Гырюлькай рассказывает, что всю жизнь пасет оленей, знает, как держать табун, чтобы олени жирные были. “Все сопки, долины, урочища Пустолежащей земли знаю”.

— Эх, хорошо бы Гырюлькая с семейством заполучить пастухами нашего перегона!.. — размечтался Костя.

— Прежде надо выудить оленей у Тальвавтына.

Мы сидим на легковых нартах, покуривая трубки. Перед нами простерся белый распадок, усыпанный оленями. Они спокойно взрыхляют снежную целину.

— Гык! — вскочил Гырюлькай. — Люди едут.

По длинному склону на увал, где мы расположились, быстро поднимаются две оленьих упряжки. На передней нарте Тынетэгин.
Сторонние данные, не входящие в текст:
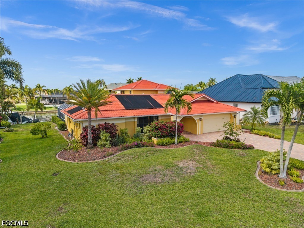 The kitchen and interior finishes were updated with the kind of improvements buyers will notice, including custom soft-close cabinetry, quartz countertops, updated appliances, and tile flooring that fits the Florida boating and pool lifestyle well. Major system and feature updates include a metal roof, 2 complete A/C systems, updated electrical panel, water heater, impact-resistant windows in key areas, custom shutters, new interior and exterior paint, remodeled baths, LVP flooring upstairs and on the stairs, epoxy garage floor, and more. The pool is solar heated and has an above-average size and depth, with an approximately 6-foot deep end. The property is also wired for fiber internet. If boating, poolside living, and a prime Southwest Cape Coral location are on your list, you need to see this home!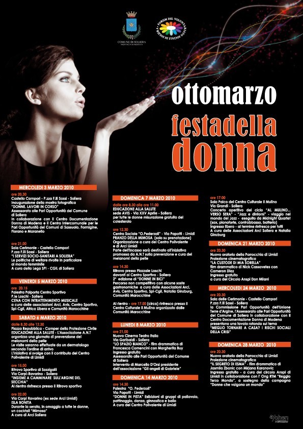 Anche quest’anno le istituzioni modenesi promuovono una serie di iniziative in occasione della festa dell’8 marzo. Si tratta di un importante momento per festeggiare le conquiste sociali, politiche ed economiche delle donne, per ricordare l’attualità della lotta per l’affermazione dei diritti di pari opportunità e per riproporre l’attenzione su alcuni dei principali problemi che investono le donne: la violenza e le relative strategie di contrasto, i diritti antidiscriminatori sanciti dalla Costituzione, il lavoro.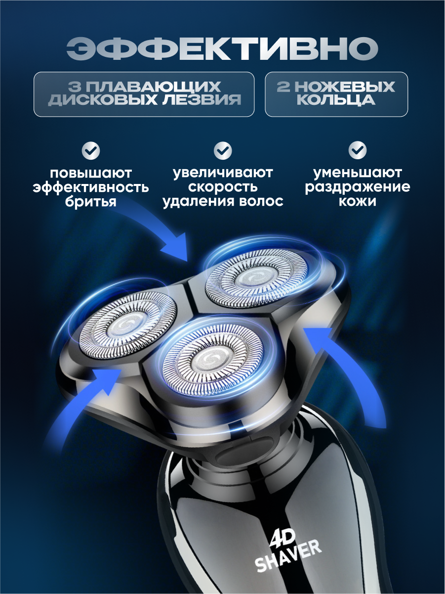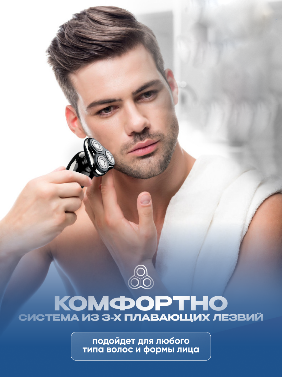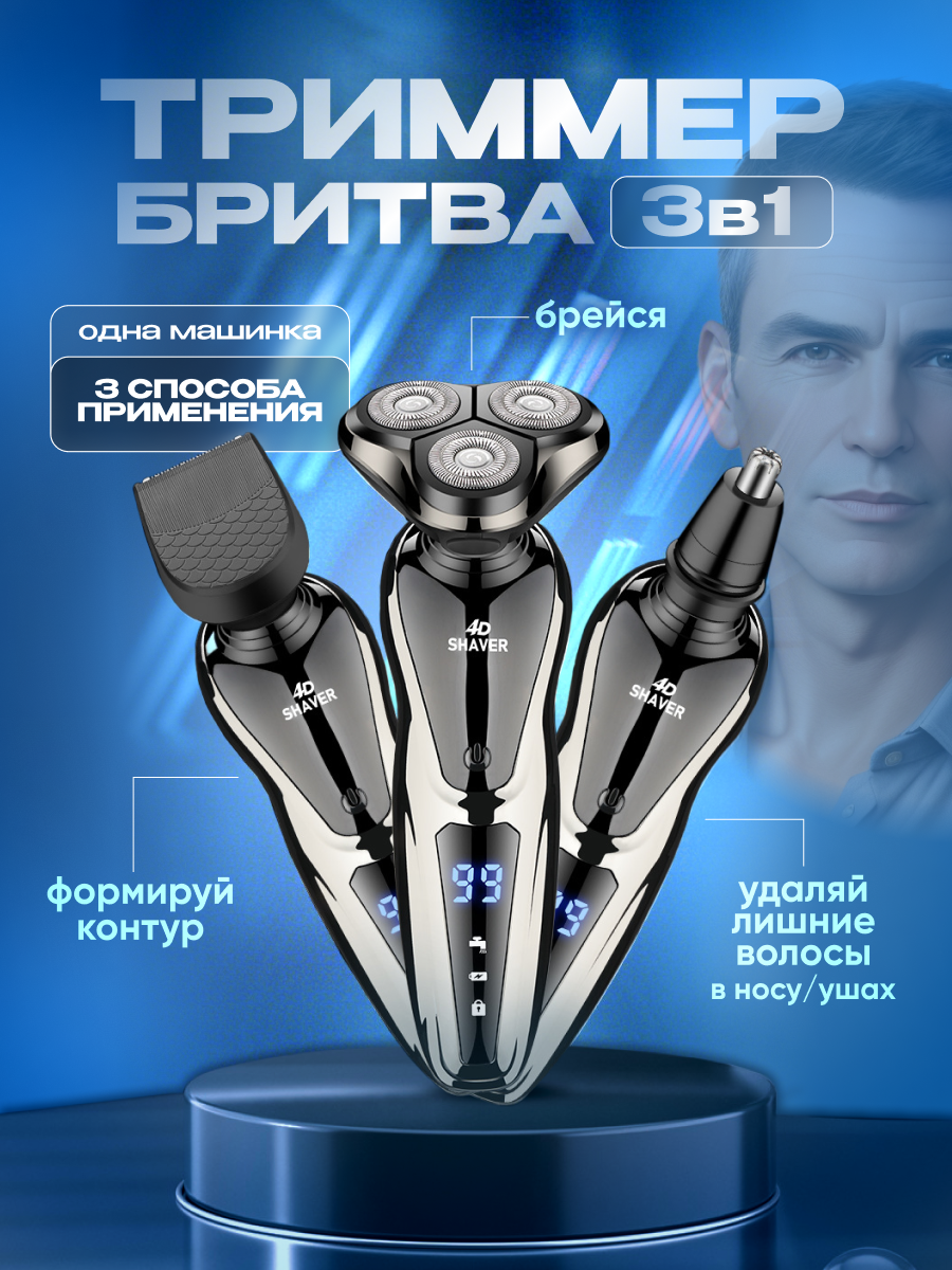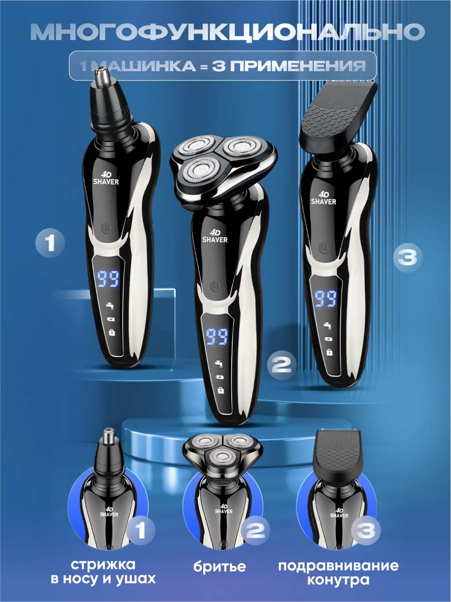 Триммер для бороды носа, усов 3в1. Электробритва для лица и тела Navisa серый интересное:
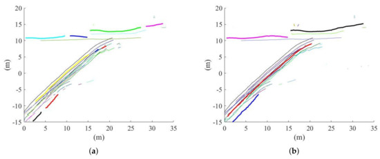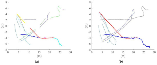 To show the tracking performance of the new trajectory management strategy clearly, the tracking trajectories of the dataset 0016 and the Beihang data are shown in Figure 11 and Figure 12, respectively. Figure 11a and Figure 12a show the trajectories with traditional strategy. Figure 11b and Figure 12b show the trajectories with new strategy. These bold curves show the difference between the tracking trajectories obtained by two different tracking strategies. The nine trajectories bolded in Figure 11a actually correspond to only four pedestrians, and the five trajectories bolded in Figure 12a actually correspond to only two pedestrians. Due to occlusion, many tracks are frequently terminated and started. Through the special processing of the occluded track, the dense pedestrians’ trajectories are more stable and continuous.

За ним — гость в темной кухлянке и в пушистом малахае. Что-то знакомое было в его подтянутой фигуре.

— Твой приятель пожаловал, — пробурчал Костя.

Нарты подъехали, гость откинул малахай, открыв хмурое, неприятное лицо. Я узнал одного из телохранителей Тальвавтына. Парень избегал моего взгляда. Мы обменялись короткими приветствиями.
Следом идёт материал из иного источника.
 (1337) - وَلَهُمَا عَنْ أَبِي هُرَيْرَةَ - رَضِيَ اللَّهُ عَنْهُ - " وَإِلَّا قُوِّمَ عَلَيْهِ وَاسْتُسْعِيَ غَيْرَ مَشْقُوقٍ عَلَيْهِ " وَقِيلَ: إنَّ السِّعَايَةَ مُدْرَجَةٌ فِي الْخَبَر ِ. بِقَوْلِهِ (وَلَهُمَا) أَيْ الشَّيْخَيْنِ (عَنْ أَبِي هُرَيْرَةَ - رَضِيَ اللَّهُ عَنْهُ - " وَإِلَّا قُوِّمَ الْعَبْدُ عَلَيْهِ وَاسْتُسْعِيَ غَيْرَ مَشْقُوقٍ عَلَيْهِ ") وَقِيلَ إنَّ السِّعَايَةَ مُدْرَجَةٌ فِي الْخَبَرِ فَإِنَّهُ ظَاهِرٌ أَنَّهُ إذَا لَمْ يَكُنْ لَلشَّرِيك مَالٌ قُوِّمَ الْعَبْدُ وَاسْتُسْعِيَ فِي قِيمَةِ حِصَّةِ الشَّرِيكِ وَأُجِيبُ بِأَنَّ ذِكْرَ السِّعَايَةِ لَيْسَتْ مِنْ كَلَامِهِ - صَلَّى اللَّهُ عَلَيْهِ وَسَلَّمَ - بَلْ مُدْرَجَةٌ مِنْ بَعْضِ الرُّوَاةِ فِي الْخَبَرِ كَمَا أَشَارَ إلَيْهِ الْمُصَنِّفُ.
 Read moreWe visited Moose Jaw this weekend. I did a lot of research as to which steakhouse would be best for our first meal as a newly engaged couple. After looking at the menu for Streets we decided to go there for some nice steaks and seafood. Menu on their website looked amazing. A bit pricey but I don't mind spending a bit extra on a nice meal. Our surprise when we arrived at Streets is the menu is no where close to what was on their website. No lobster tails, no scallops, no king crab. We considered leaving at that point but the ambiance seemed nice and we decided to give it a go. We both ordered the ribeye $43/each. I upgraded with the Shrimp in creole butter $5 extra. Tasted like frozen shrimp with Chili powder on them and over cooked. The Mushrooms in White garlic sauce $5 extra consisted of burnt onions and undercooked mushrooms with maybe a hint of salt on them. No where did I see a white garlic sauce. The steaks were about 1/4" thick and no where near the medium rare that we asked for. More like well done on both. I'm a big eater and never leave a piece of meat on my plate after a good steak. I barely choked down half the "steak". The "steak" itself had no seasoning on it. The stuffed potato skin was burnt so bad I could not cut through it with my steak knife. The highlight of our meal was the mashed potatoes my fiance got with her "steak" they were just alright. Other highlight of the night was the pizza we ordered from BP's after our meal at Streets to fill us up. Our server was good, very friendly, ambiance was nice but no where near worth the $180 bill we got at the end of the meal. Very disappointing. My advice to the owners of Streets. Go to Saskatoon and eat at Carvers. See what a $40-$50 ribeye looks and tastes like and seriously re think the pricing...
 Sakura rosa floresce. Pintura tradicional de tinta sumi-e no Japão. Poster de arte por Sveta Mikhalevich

— Письмо тебе привез Вельвель, — сказал Тынетэгин, стирая рукавом капельки пота с коричневых скул, — Тальвавтын писал…

— Письмо? Тальвавтын умеет писать?!

— По-чукотски тебе писал, — ответил юноша.

Посланец молчаливо снял с шеи ремешок с узкой дощечкой, ловко развязал узелок, сдернул ее с ремешка и протянул мне. На дощечке, выструганной из светлой древесины тополя, чернели странные знаки, похожие на иероглифы.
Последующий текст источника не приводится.